I’ve spent the last seven years using Amazon Redshift, and during that time Snowflake became the standard modern data warehouse. (I did a survey of relevant companies’ data stacks when we evaluated Looker, and Snowflake was the overwhelming favorite warehouse.) Odds are pretty good that I’ll use Snowflake in my next job. So how will I go from training colleagues about efficient Redshift queries (and Introduction to SQL for interns) to writing Snowflake queries in the future?

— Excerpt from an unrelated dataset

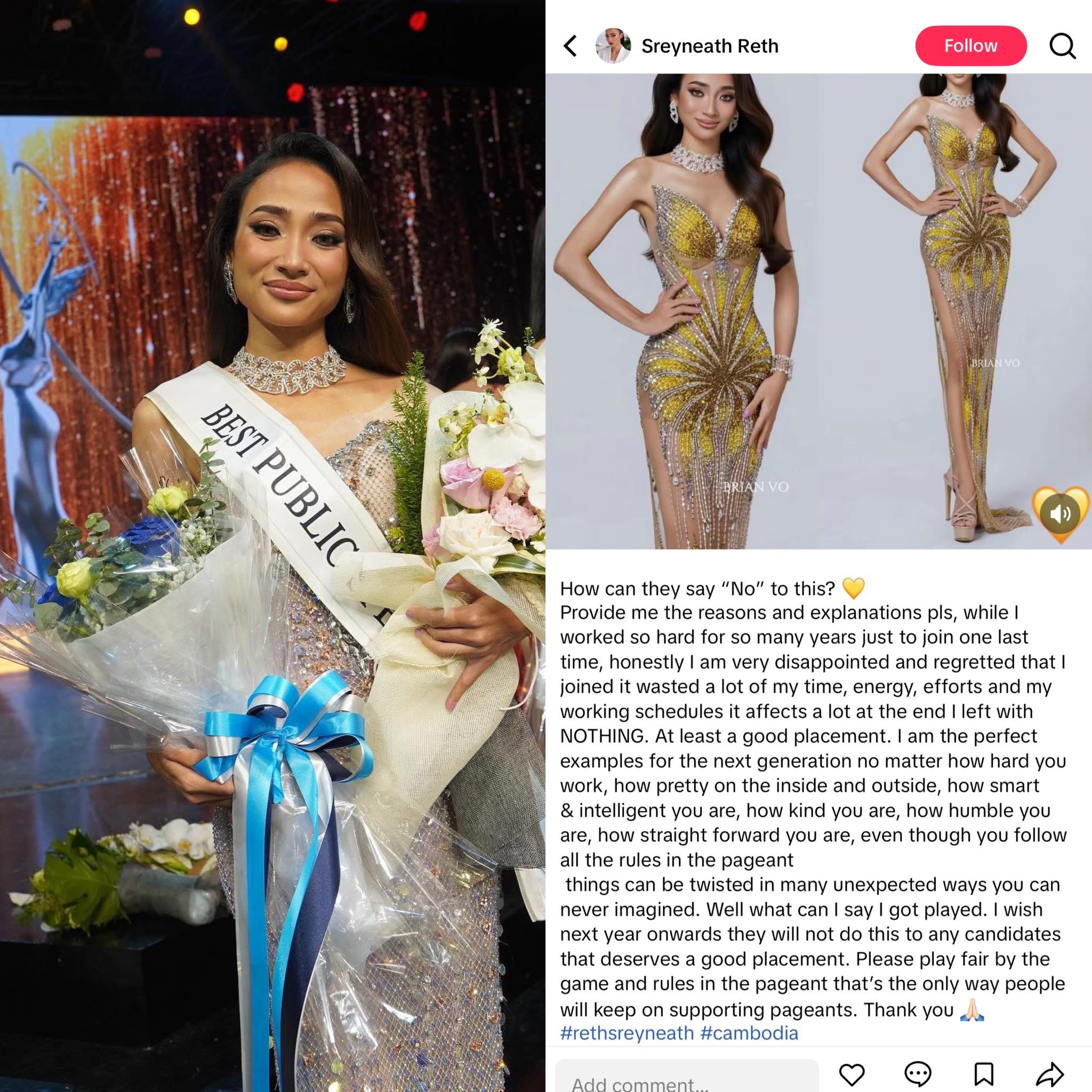 ដោយឡែក មកដល់ថ្មីៗនេះ ក្រោយប្រកួតចប់ជិត ១ ខែ តាមរយៈការចែករំលែកពីការបង្ហោះមួយរបស់បវរកញ្ញា រ៉េត ស្រីនាថ លើបណ្ដាញសង្គម រៀបរាប់ពីអារម្មណ៍ពិតចំពោះលទ្ធផលនៃការប្រកួតរបស់ខ្លួនយ៉ាងភ្ញាក់ផ្អើល ដោយនាងបង្ហាញការខកចិត្ត និង សោកស្ដាយខ្លាំងដែលចូលរួមប្រកួតក្នុងកម្មវិធីនេះ ខណៈនាងតាំងចិត្តប្រឹងប្រែងពង្រឺងសមត្ថភាពជាច្រើនឆ្នាំ ដើម្បីចូលរួមការប្រកួតលើកចុងក្រោយ ដែលខ្ជះខ្ជាយទាំងកម្លាំងកាយចិត្ត ពេលវេលា ការងារ តែចុងក្រោយមិនទទួលបានអ្វីសោះ។

I started with fairly obvious Google queries, “snowflake sql tutorial” and “snowflake sql query examples”, then added “query from redshift to snowflake” to find people’s comments about migrating. I knew what types of differences I was looking for:
- Structural differences in how data is stored/accessed
- Syntax differences
- Timestamps and dates – always painful
- Special capabilities / functions
Data engineering posts about migrating your warehouse are good for the first two; analytics and analytics engineering posts about advanced query tips are good for the third. Snowflake documentation and writing is good for filling in syntax details and expert advice once you know what to look for.
Most helpful resources
Migrating from Redshift to Snowflake: How our Data Engineering team completed the massive “lift and shift” by Tamir Rozenberg, Instacart – code samples for rewriting Redshift query syntax into Snowflake syntax, timestamp issues, uppercase identifiers
The great migration from Redshift to Snowflake by Rafay Aleem, Faire – syntax rewriting, uppercase identifiers, tagging for PII masking and cost tracking
How Compatible are Redshift and Snowflake’s SQL Syntaxes? by Tristan Handy, dbt (2018) – out of date (Snowflake has improved their window functions), but gives examples of specific timestamp and uppercase identifier issues
5 Snowflake Query Tricks You Aren’t Using but Should Be by Anthony Li – QUALIFY
, IFF
, PIVOT
, TRY_TO_DATE()
Advanced Cool Things in Snowflake by Alisa Aylward – window functions beyond simple ROW_NUMBER()
, data cleaning for numbers with REPLACE
or REGEX
or TRY_TO_NUMBER()
What I learned
Unattributed code is from Snowflake’s documentation.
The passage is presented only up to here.